*** RECORDS FOR THE EXERCISE ***

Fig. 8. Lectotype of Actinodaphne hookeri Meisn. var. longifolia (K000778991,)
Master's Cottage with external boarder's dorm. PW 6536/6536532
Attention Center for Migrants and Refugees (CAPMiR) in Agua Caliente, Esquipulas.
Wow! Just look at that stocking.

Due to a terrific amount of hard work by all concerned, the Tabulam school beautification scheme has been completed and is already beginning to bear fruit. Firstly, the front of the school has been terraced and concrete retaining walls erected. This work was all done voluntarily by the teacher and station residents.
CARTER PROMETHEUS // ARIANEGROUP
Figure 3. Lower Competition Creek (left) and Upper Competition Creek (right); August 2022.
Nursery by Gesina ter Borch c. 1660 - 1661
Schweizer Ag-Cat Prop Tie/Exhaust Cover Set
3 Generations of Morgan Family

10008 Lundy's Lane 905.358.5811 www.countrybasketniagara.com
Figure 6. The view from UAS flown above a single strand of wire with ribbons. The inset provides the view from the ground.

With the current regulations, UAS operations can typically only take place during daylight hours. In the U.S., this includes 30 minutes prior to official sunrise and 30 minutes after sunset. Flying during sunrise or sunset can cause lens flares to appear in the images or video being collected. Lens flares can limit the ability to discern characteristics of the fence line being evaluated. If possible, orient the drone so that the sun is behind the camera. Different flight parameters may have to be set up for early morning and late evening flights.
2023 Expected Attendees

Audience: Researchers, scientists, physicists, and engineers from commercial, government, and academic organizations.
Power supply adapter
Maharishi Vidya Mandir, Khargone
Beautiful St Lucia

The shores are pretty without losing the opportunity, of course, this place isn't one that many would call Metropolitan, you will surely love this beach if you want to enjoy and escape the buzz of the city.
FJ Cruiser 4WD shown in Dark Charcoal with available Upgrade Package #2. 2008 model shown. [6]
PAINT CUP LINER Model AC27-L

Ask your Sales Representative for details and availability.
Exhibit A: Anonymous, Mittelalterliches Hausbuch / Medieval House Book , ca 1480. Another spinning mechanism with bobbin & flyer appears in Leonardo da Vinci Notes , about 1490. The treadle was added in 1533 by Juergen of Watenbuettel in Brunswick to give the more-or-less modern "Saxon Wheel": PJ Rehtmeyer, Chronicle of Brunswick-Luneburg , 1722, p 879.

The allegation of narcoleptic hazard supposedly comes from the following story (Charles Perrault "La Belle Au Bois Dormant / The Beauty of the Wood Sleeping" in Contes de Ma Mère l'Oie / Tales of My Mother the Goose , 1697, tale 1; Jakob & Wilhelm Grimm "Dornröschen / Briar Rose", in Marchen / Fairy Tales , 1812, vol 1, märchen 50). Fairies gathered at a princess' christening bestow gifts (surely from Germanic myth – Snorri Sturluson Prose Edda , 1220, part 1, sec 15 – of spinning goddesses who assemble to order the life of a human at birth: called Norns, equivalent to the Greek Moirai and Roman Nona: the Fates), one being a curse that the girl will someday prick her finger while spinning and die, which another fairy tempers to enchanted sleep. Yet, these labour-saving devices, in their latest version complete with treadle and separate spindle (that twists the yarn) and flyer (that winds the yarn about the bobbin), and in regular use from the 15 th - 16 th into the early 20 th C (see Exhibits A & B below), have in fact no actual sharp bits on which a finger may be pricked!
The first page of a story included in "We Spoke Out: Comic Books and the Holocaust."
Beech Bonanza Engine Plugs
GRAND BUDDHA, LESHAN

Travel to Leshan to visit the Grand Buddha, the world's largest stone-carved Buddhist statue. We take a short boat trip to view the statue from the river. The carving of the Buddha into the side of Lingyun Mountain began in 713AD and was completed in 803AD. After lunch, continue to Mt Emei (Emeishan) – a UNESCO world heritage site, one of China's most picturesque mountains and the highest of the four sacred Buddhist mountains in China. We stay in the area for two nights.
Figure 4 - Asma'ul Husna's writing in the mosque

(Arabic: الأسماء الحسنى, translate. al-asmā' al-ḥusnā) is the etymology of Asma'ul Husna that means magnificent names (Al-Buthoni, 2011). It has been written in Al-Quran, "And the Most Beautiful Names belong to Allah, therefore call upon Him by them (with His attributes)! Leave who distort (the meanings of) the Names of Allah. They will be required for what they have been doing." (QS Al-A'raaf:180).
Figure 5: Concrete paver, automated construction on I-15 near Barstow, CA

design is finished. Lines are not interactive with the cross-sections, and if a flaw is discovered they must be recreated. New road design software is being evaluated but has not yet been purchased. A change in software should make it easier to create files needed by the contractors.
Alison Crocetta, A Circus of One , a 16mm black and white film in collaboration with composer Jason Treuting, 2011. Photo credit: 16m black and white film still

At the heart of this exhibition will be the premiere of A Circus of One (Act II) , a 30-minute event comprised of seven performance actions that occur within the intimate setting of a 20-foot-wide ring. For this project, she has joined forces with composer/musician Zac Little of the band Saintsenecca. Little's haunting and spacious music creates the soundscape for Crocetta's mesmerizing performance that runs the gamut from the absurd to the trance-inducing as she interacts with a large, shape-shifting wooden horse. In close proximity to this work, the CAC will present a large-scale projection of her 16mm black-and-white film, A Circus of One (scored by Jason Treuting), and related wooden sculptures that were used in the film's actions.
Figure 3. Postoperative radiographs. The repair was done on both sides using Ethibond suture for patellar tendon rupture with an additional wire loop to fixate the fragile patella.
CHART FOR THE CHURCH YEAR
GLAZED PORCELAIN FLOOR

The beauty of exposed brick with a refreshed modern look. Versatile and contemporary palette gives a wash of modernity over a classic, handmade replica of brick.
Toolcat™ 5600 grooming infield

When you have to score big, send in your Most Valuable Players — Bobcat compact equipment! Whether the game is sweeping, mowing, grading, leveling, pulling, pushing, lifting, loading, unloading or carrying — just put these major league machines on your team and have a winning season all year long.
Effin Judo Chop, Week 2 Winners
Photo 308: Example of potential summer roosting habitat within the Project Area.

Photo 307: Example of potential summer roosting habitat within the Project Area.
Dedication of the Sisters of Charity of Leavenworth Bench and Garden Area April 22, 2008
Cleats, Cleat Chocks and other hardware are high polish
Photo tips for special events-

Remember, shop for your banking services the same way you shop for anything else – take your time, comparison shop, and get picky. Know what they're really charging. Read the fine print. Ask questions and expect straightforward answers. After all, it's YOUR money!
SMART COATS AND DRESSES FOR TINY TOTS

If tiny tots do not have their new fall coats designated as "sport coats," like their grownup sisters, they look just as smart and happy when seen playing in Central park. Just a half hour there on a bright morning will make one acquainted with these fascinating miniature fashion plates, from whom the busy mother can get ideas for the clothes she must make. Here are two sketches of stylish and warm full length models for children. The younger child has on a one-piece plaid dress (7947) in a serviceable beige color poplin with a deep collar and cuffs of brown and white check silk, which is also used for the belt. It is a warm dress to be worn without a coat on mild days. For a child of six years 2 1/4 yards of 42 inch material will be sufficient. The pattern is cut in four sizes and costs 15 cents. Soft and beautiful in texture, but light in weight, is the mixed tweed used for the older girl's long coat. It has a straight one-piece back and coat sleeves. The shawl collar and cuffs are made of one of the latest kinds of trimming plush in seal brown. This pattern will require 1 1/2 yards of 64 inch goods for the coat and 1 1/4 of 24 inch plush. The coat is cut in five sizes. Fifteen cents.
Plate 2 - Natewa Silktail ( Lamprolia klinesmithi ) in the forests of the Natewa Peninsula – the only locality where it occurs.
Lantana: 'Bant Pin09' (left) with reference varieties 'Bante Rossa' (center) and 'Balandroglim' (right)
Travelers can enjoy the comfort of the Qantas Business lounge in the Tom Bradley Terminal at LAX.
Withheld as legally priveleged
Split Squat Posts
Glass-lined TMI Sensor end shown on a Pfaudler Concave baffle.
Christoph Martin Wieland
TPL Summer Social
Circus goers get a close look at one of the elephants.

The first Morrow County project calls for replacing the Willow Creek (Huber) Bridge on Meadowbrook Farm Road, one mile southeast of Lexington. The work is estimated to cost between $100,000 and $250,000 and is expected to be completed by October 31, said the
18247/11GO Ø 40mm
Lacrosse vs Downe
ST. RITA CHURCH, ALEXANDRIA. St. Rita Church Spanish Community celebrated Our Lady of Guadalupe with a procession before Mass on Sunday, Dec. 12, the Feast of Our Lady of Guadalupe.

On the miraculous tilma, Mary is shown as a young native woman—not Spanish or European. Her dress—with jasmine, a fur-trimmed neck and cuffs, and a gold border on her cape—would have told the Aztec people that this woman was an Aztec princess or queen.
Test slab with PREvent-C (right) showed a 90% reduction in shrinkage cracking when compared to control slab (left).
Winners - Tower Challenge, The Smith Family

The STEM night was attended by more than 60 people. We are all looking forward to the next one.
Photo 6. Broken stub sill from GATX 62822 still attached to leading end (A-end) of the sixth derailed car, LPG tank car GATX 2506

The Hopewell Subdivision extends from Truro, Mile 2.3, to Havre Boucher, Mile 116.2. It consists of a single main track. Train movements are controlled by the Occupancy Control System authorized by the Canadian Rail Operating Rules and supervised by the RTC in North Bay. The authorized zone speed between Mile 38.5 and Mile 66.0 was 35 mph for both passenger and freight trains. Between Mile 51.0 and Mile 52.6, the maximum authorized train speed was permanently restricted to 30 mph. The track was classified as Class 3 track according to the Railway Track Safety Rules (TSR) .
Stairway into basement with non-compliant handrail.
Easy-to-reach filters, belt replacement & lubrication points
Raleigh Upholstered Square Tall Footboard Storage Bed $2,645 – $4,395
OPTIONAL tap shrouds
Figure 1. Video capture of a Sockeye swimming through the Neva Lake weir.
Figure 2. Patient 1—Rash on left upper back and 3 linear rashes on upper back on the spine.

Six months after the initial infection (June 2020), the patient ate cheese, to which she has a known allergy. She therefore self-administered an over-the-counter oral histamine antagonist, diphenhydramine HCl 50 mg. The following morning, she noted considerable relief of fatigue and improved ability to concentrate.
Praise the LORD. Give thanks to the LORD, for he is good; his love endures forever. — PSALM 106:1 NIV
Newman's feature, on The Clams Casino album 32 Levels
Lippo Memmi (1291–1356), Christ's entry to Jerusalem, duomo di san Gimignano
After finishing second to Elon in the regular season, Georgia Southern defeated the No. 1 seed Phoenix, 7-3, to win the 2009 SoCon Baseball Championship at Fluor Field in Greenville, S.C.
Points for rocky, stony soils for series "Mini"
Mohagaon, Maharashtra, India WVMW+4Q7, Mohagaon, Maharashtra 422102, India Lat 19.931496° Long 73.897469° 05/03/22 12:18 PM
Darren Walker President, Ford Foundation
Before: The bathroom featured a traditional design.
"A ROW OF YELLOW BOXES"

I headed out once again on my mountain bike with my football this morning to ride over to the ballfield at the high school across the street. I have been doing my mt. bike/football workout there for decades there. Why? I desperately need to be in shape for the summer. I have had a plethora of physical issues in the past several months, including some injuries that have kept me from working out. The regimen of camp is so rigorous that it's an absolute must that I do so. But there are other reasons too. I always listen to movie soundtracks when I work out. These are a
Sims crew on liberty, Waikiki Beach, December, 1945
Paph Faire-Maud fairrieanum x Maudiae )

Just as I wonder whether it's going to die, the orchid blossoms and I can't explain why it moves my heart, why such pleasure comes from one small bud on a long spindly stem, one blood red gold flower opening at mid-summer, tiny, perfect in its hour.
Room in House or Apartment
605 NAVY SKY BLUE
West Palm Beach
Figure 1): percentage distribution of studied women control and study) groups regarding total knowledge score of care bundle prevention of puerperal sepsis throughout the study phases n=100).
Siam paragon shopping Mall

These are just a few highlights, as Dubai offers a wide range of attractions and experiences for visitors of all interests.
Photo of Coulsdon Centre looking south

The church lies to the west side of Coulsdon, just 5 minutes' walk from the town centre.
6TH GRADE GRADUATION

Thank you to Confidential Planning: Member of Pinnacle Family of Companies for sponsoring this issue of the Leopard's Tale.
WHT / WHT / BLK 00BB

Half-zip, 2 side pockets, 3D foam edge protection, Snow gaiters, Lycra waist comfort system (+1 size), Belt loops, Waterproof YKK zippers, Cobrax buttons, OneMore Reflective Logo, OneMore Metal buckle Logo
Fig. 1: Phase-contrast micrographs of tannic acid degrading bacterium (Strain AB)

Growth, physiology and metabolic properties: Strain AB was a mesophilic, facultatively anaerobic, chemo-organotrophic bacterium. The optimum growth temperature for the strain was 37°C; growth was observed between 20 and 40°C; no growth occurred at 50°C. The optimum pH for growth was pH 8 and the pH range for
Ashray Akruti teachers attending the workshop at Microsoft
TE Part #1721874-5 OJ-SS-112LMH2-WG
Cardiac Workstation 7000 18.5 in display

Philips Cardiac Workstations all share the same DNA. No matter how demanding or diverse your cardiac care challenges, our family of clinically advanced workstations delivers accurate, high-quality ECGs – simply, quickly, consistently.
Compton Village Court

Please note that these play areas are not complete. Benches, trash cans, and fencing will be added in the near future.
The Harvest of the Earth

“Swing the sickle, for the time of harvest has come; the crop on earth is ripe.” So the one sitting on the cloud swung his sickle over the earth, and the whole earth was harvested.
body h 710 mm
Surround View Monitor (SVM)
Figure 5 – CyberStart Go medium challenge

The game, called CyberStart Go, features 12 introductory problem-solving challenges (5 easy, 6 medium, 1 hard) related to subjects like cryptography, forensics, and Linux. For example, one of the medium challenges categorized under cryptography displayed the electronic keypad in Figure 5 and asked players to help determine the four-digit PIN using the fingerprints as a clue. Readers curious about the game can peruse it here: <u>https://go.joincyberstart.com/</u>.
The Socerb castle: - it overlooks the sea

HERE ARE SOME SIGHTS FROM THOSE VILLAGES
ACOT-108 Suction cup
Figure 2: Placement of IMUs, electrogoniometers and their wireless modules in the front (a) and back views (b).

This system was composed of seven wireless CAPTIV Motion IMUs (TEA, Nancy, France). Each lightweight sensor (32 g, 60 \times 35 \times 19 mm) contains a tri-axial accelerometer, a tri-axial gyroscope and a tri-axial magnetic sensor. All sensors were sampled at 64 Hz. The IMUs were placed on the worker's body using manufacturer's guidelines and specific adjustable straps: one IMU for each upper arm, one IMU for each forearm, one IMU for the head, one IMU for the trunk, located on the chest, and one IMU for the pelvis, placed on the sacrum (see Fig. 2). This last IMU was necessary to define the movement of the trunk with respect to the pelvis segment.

*** End of RECORDS FOR THE EXERCISE ***

▶ [INSTRUCTIONS FOR THE TASK]: Your answer should be each line of the data that contains the word "IMUs", copied as it stands.

▶ [WRITTEN ANSWER]:
Figure 2: Placement of IMUs, electrogoniometers and their wireless modules in the front (a) and back views (b).
This system was composed of seven wireless CAPTIV Motion IMUs (TEA, Nancy, France). Each lightweight sensor (32 g, 60 \times 35 \times 19 mm) contains a tri-axial accelerometer, a tri-axial gyroscope and a tri-axial magnetic sensor. All sensors were sampled at 64 Hz. The IMUs were placed on the worker's body using manufacturer's guidelines and specific adjustable straps: one IMU for each upper arm, one IMU for each forearm, one IMU for the head, one IMU for the trunk, located on the chest, and one IMU for the pelvis, placed on the sacrum (see Fig. 2). This last IMU was necessary to define the movement of the trunk with respect to the pelvis segment.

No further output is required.